= Material supplied =
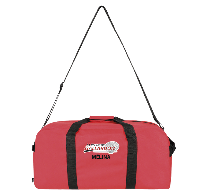 Sac fabriqué en polyester RPET 600D durable. Compartiment principal avec fermeture à double zip et poche extérieure avec tirette de fermeture éclair. Poignées renforcées autour du corps de couleur noire et poignée rembourrée assortie. Comprend une poignée latérale et une bandoulière réglable avec attache à double mousqueton.
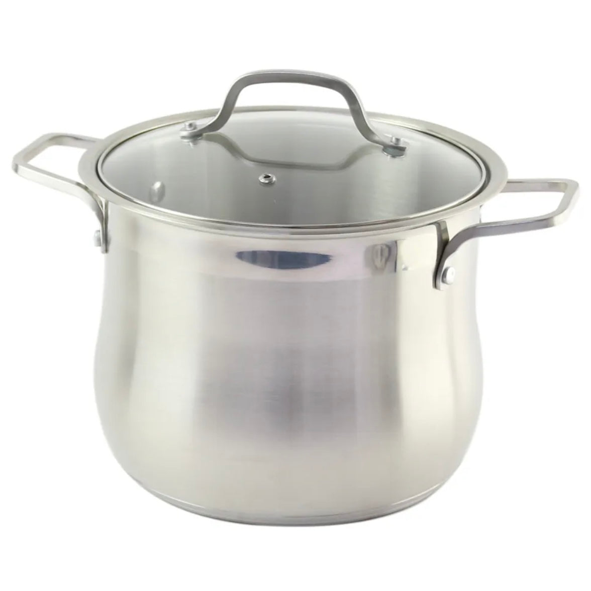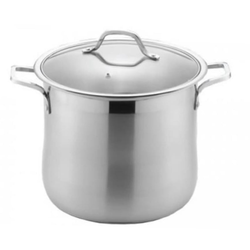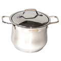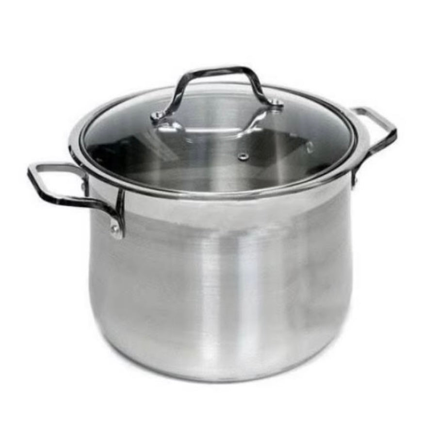 Oala inox, fund triplu, capac din sticla, forma bombata, Swan-Belly, cantitate oala 18 litri, este prevazuta cu manere solide cu aderenta care nu iau foc si are un fund triplu stratificat foarte gros de tip sandvis.
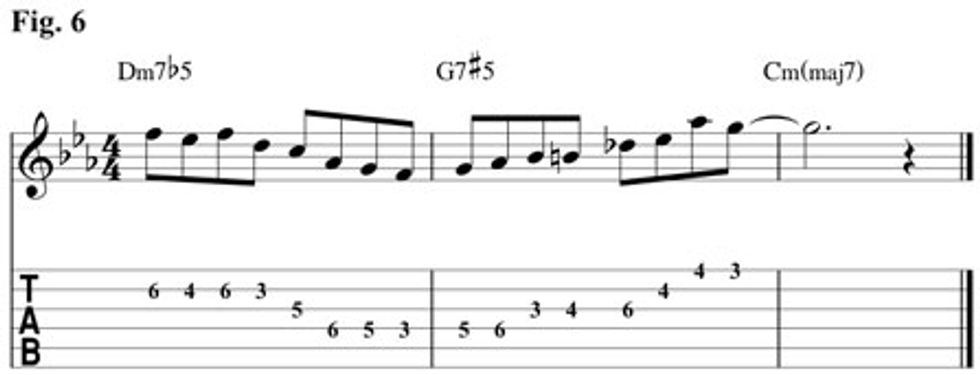 Now let’s look at the melodic minor scale. My favorite technique is to take a super Locrian (aka altered) scale and play it over the V7 chord. One of the beautiful things about melodic minor is its flexibility. This mode of melodic minor has a dominant 7 arpeggio as well as every available tension: b9, #9, b5, #5. (Other modes of melodic minor are great for playing over dominant 7 chords as well, but that’s another lesson for another time.) Fig. 6 is an example of a progression in C minor that uses G super Locrian (Ab Melodic Minor) on the V chord.
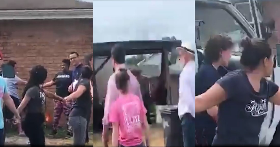 En las imágenes se puede ver a niños pegándole con un palo a la piñata de ICE.
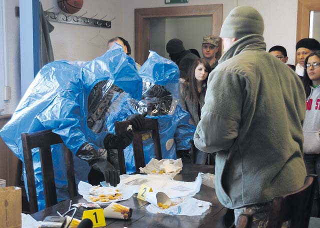 “We put the students in a (chemical protective) suit to let them check it out and see what it’s like to be in the suit,” Grande said. “Trying to gain their interest was hard in the beginning, but after they started seeing their peers in the suit they started to liven up and became very interested.”
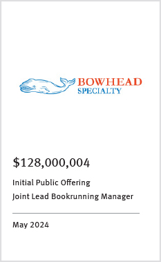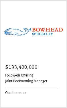 Focused on providing capital raising and advisory services for companies throughout the United States, Bermuda and Canada, KBW has unmatched expertise in the insurance and asset management industry.
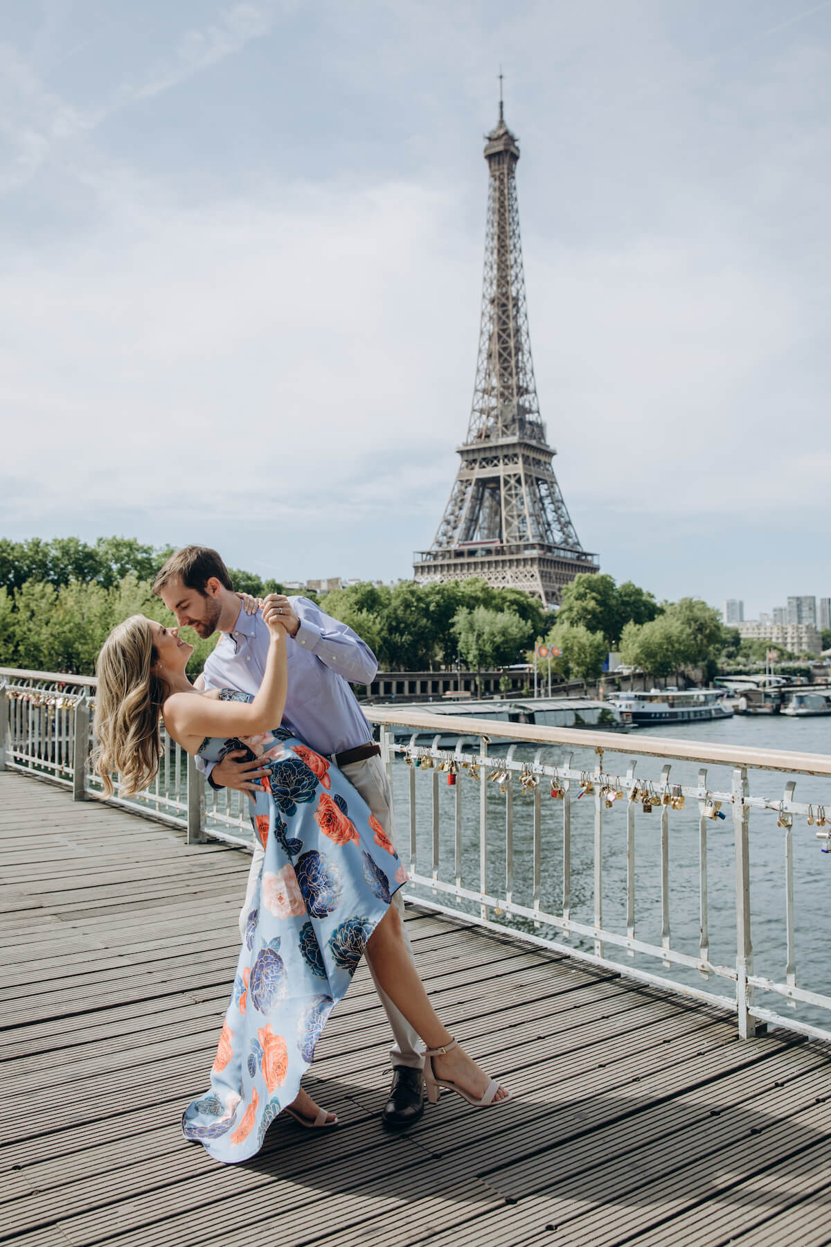 Photo: Maria in Paris for Flytographer. Alessandro and partner capture memories in Paris with a couples photoshoot at Bir-Hakeim Bridge & Eiffel Tower.
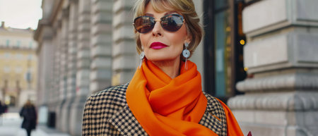 An elegant woman in her fifties stands confidently at a street corner, wearing a stylish oversized orange scarf and checkered coat, holding a handbag and sporting sunglasses.
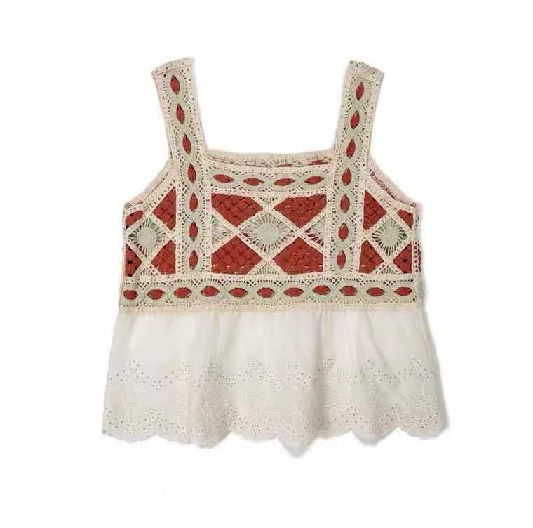 拼接棉布民族风吊带背心上衣
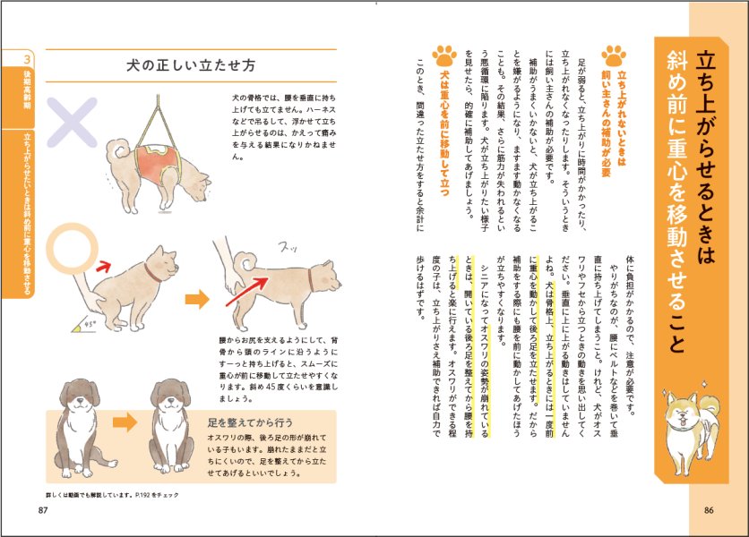誌面では、健康寿命をのばすためのアンチエイジングや、東洋医学に基づくケア、立ち上がりや寝返りの補助といった実践的な介護メソッドを紹介しています。特に、飼い主が精神的・体力的負担を抱えすぎないよう「無理なく続けられる」心構えを重視した内容となっているのが特徴です。
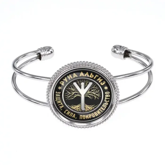 Браслет-сувенир из бижутерного сплава с покрытием под серебро и стеклянным элементом.

= To do =
Nothing but the lines from the one containing "An elegant woman" to the last line of the records should be returned, exactly as they appear and without pictures.

= Written reply =
 An elegant woman in her fifties stands confidently at a street corner, wearing a stylish oversized orange scarf and checkered coat, holding a handbag and sporting sunglasses.
 拼接棉布民族风吊带背心上衣
誌面では、健康寿命をのばすためのアンチエイジングや、東洋医学に基づくケア、立ち上がりや寝返りの補助といった実践的な介護メソッドを紹介しています。特に、飼い主が精神的・体力的負担を抱えすぎないよう「無理なく続けられる」心構えを重視した内容となっているのが特徴です。
 Браслет-сувенир из бижутерного сплава с покрытием под серебро и стеклянным элементом.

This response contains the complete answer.